Assignment -
If pictures appear in the lines below, skip them and copy exactly the lines from the one containing "Pozlacené Sterlingové Stříbro" through the one containing "This dazzling crystal", and nothing else.

Stored data entries:
-----

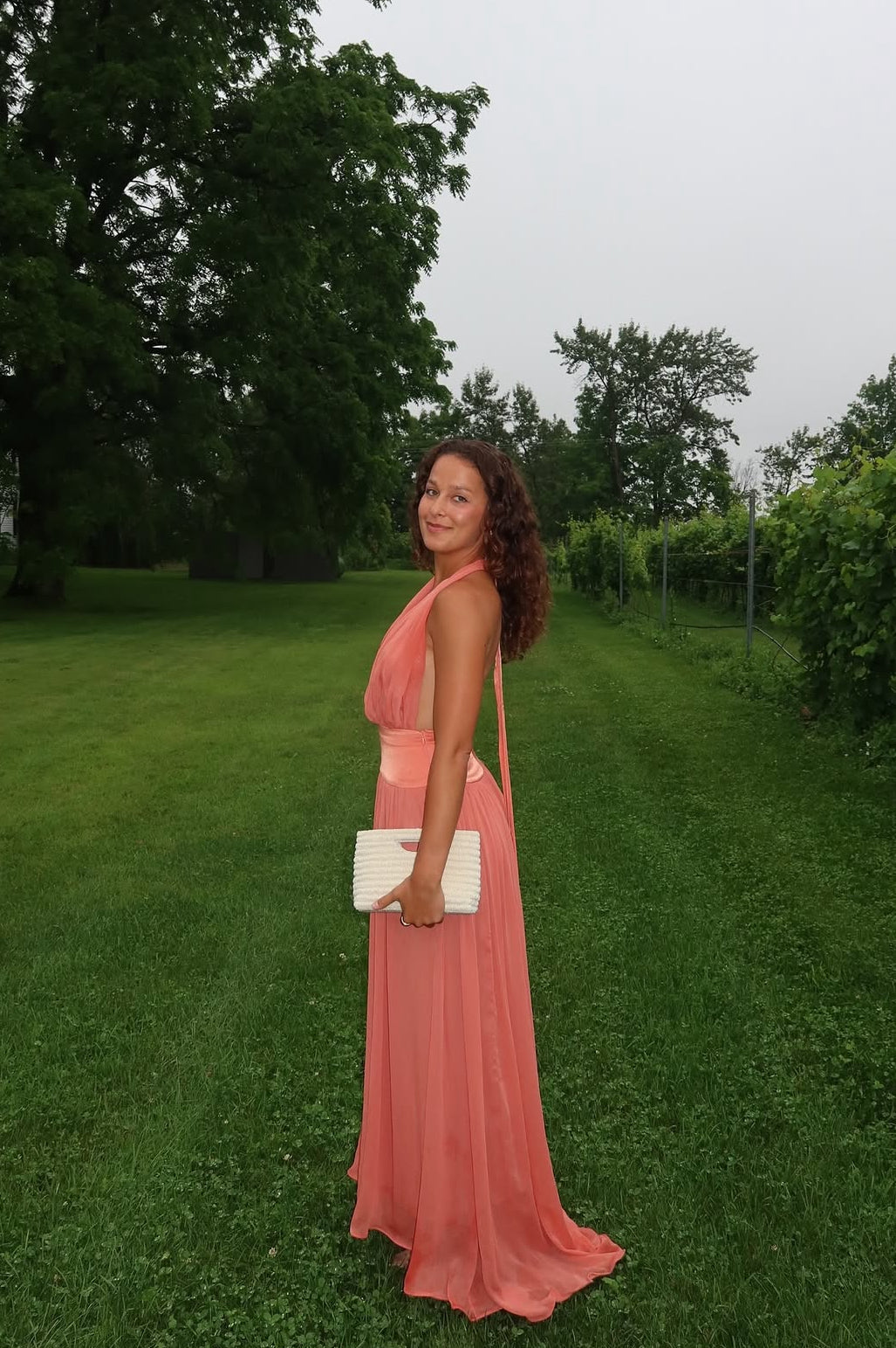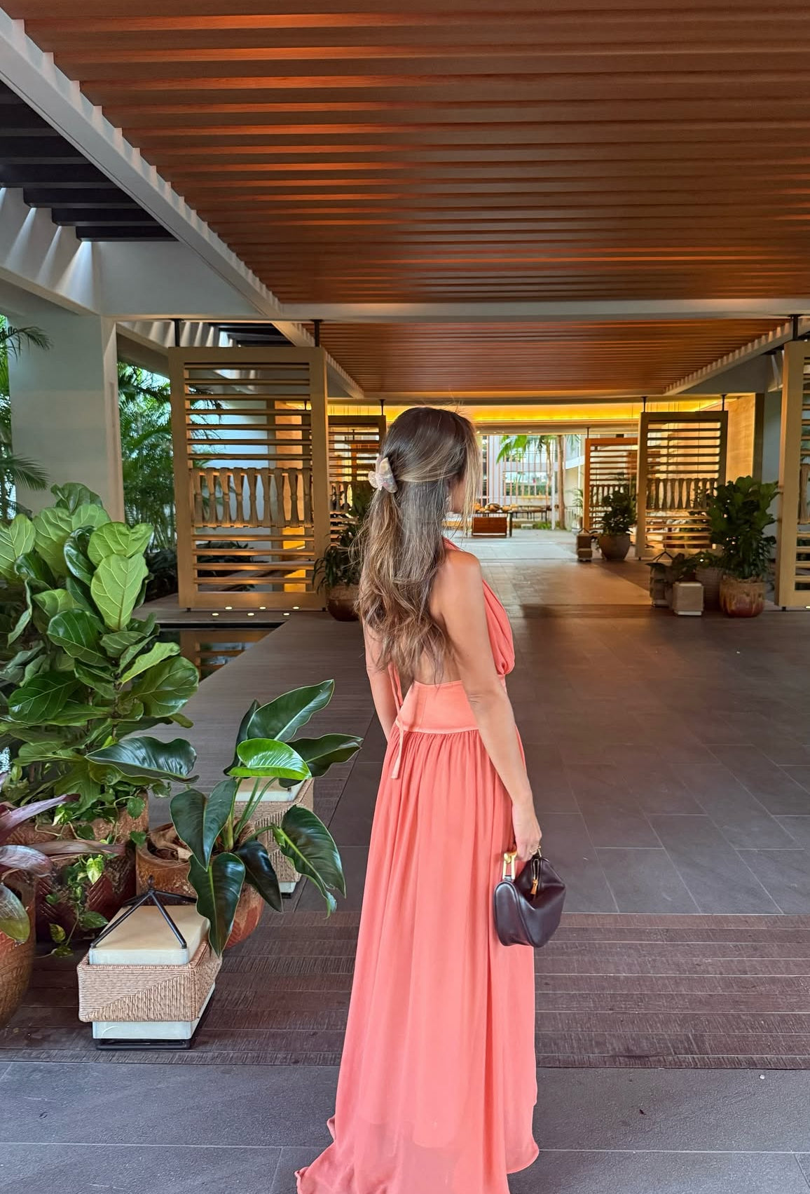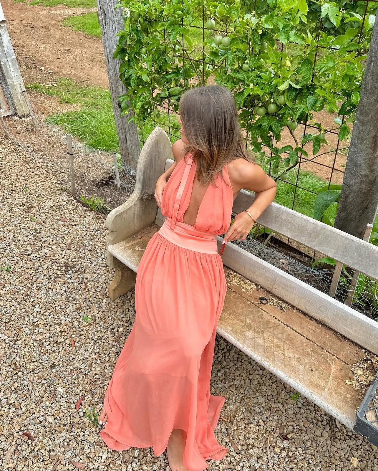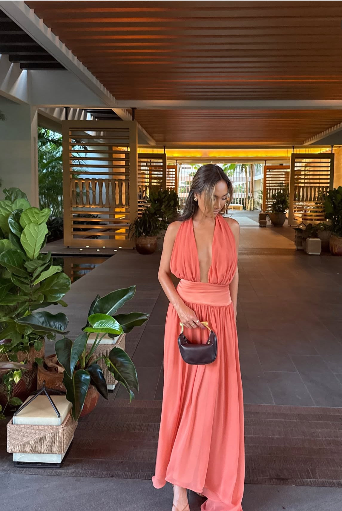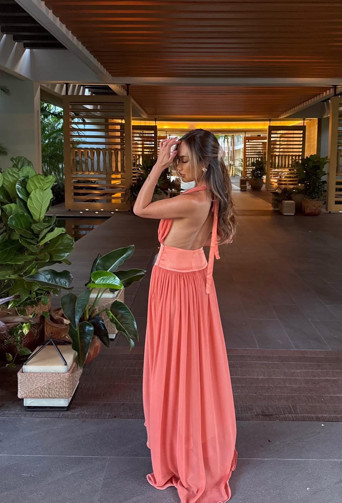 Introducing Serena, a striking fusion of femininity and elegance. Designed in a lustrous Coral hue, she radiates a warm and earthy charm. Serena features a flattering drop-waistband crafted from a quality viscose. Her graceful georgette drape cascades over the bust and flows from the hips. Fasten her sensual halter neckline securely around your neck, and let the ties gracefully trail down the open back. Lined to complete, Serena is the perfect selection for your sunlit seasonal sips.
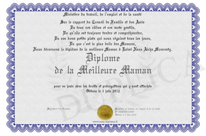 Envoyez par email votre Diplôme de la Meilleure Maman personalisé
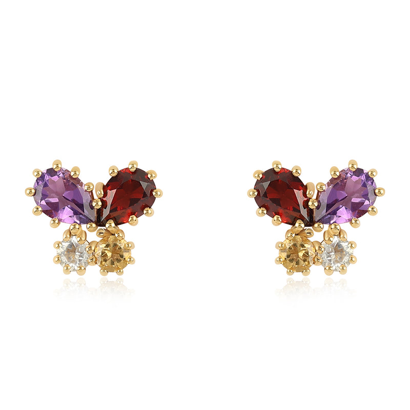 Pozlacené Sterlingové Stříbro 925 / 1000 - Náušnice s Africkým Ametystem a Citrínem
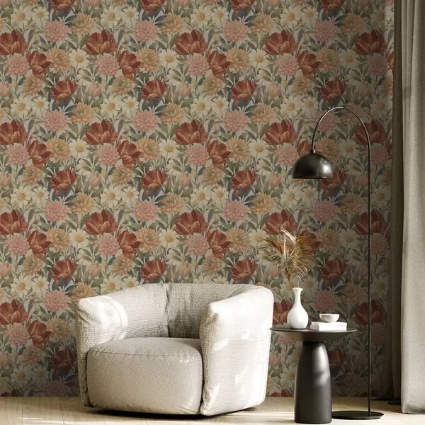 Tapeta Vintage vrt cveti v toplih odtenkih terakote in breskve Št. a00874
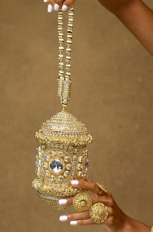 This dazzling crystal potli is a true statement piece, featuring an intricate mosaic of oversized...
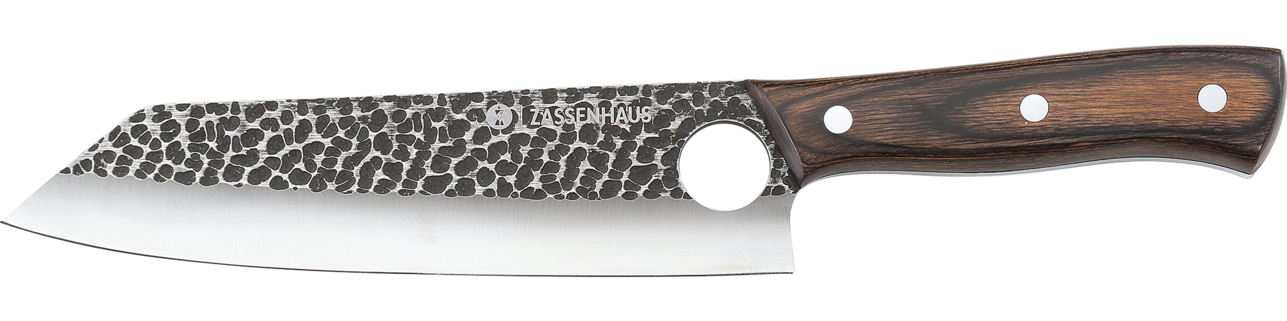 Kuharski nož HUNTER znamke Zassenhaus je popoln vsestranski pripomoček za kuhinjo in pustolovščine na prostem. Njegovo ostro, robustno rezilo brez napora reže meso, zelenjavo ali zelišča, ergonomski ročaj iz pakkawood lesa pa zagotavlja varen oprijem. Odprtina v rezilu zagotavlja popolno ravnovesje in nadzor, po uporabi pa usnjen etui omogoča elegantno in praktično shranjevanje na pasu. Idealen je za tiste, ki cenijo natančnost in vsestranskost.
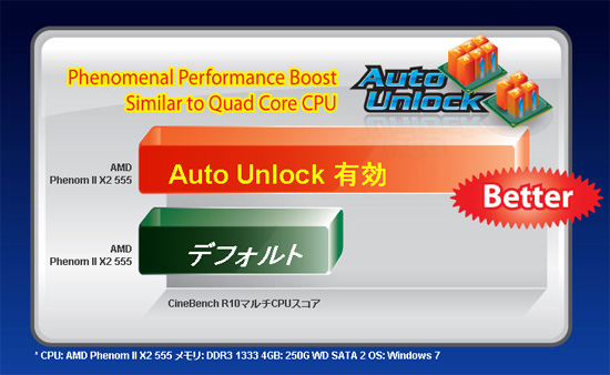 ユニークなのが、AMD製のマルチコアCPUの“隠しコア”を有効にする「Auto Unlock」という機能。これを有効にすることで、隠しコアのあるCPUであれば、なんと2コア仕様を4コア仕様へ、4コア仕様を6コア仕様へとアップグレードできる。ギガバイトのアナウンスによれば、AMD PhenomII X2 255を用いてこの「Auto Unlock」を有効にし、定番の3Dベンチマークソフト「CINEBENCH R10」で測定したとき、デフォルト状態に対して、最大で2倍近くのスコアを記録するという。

-----

Exercise output -
 Pozlacené Sterlingové Stříbro 925 / 1000 - Náušnice s Africkým Ametystem a Citrínem
 Tapeta Vintage vrt cveti v toplih odtenkih terakote in breskve Št. a00874
 This dazzling crystal potli is a true statement piece, featuring an intricate mosaic of oversized...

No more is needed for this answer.